Adding Penalty causes invalid solution

[pardeep632]

I am using java version of CVRP solver. below is the complete code:

public class CapacityConstranit {
    static {
        System.loadLibrary("jniortools");
    }
    static class DataModel {
        public final long[][] distanceMatrix = {
                {0, 40, 30, 50},
                {0, 0, 50, 30},
                {0, 50, 0, 40},
                {0, 30, 40, 0},
        };
        public final long[] demands = {0, 40, 30, 50};
        public final long[] vehicleCapacities = {25, 40, 60};
        public final int vehicleNumber = 3;
        public final int depot = 0;
    }
    public void solve() throws Exception {
        final DataModel data = new DataModel();
        RoutingIndexManager manager =
                new RoutingIndexManager(data.distanceMatrix.length, data.vehicleNumber, data.depot);
        RoutingModel routing = new RoutingModel(manager);
        final int transitCallbackIndex =
                routing.registerTransitCallback((long fromIndex, long toIndex) -> {
                    // Convert from routing variable Index to user NodeIndex.
                    int fromNode = manager.indexToNode(fromIndex);
                    int toNode = manager.indexToNode(toIndex);
                    return data.distanceMatrix[fromNode][toNode];
                });
        routing.setArcCostEvaluatorOfAllVehicles(transitCallbackIndex);
        final int demandCallbackIndex = routing.registerUnaryTransitCallback((long fromIndex) -> {
            // Convert from routing variable Index to user NodeIndex.
            int fromNode = manager.indexToNode(fromIndex);
            return data.demands[fromNode];
        });
        routing.addDimensionWithVehicleCapacity(demandCallbackIndex, 0, // null capacity slack
                data.vehicleCapacities, // vehicle maximum capacities
                true, // start cumul to zero
                "Capacity");

        // Allow to drop nodes.
        long penalty = 300;
        for (int i = 1; i < data.distanceMatrix.length; ++i) {
            routing.addDisjunction(new long[] {manager.nodeToIndex(i)}, penalty);
        }

        // Setting first solution heuristic.
        RoutingSearchParameters searchParameters =
                main.defaultRoutingSearchParameters()
                        .toBuilder()
                        .setFirstSolutionStrategy(FirstSolutionStrategy.Value.PATH_CHEAPEST_ARC)
                        .build();

        // Solve the problem.
        Assignment solution = routing.solveWithParameters(searchParameters);
        printSolution(data, routing, manager, solution);
    }

void printSolution(
            DataModel data, RoutingModel routing, RoutingIndexManager manager, Assignment solution) {
        // Inspect solution.
        long totalDistance = 0;
        long totalLoad = 0;
        for (int i = 0; i < data.vehicleNumber; ++i) {
            long index = routing.start(i);
            System.out.println("Route for Vehicle " + i + ":");
            long routeDistance = 0;
            long routeLoad = 0;
            String route = "";
            while (!routing.isEnd(index)) {
                long nodeIndex = manager.indexToNode(index);
                routeLoad += data.demands[(int) nodeIndex];
                route += nodeIndex + " Load(" + routeLoad + ") -> ";
                long previousIndex = index;
                index = solution.value(routing.nextVar(index));
                routeDistance += routing.getArcCostForVehicle(previousIndex, index, i);
            }
            route += manager.indexToNode(routing.end(i));
            System.out.println(route);
            System.out.println("Distance of the route: " + routeDistance + "m");
            totalDistance += routeDistance;
            totalLoad += routeLoad;
        }
        System.out.println("Total distance of all routes: " + totalDistance + "m");
        System.out.println("Total load of all routes: " + totalLoad);
    }
}

Case 1: I the program i have 3 locations to be served. As we see demands are {0, 40, 30, 50} and vehicle capacities are {25,40,60}.

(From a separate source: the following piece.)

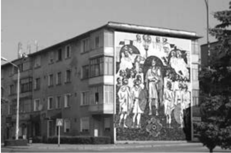
Immeuble de l'époque de Ceaușescu avec une représentation de Daces (Orăștie, Roumanie)

religion et la morale « supérieures » des Géo-Daces, leur esprit héroïque, leur propension à se sacrifier dans la bataille, leur idéalisme et leur absence de matérialisme. Sous le pouvoir de Nicolae Ceaușescu, secrétaire général du Parti communiste à partir de 1965, le nationalisme roumain de l'entre-deux-guerres a été réhabilité.

As we see total capacity = 25+40+60 = 125 total demand = 0+40+30+50 = 120 The obvious cheapest path solution is : vehicle 1 -> location 1(load 40) , vehicle 2 -> location 2(load 30). Location 3 remains unserved as remaining capacity of 25 (vehicle 0) not able to serve location 3 (load 50).

Now before running the solver we know that our total capacity is more than total demand , Ideally we assume that all locations will be served. But the following program returns a null solution if i do not add the penalties. If i add penalties the solver works fine and returns the solution as mentioned above. So here i think penalties works for me .

Case 2 But if i modify the input data model a bit like just change the capacity of vehicle 0 from 25 to 30. So we have new capacities {30,40,60}. Now all three locations are serviceable. The obvious solution would be : vehicle 0 -> location 2(load 30) , vehicle 1 -> location 1(load 40) , vehicle 2 -> location 2(load 50).

But the solver gives: vehicle 2 -> location 2(load 30) , vehicle 1 -> location 1(load 40) And keeps the vehicle 0 unused.

And i have mentioned before in Case 1 that penalties are added to each location. So now if i comment the code for adding penalties for this case , then the solver starts giving the expected result. i.e it assigns all vehicles, each to one location.

Now the problem is that, adding penalties works if solvers finds no solution and adding penalty gives wrong solution when there exist a proper solution. And since before submitting to solver we do not know if the problem requires penalties to be added or not. So i am not able to decide if i should use penalties or not .

[lperron]

Why is this a wrong solution?

[pardeep632]

@Iperron In case 2 : there are two scenarios: a. penalty for each node is defined : Here the solver gives - vehicle 2 -> location 2(load 30) , vehicle 1 -> location 1(load 40) And keeps the vehicle 0 unused.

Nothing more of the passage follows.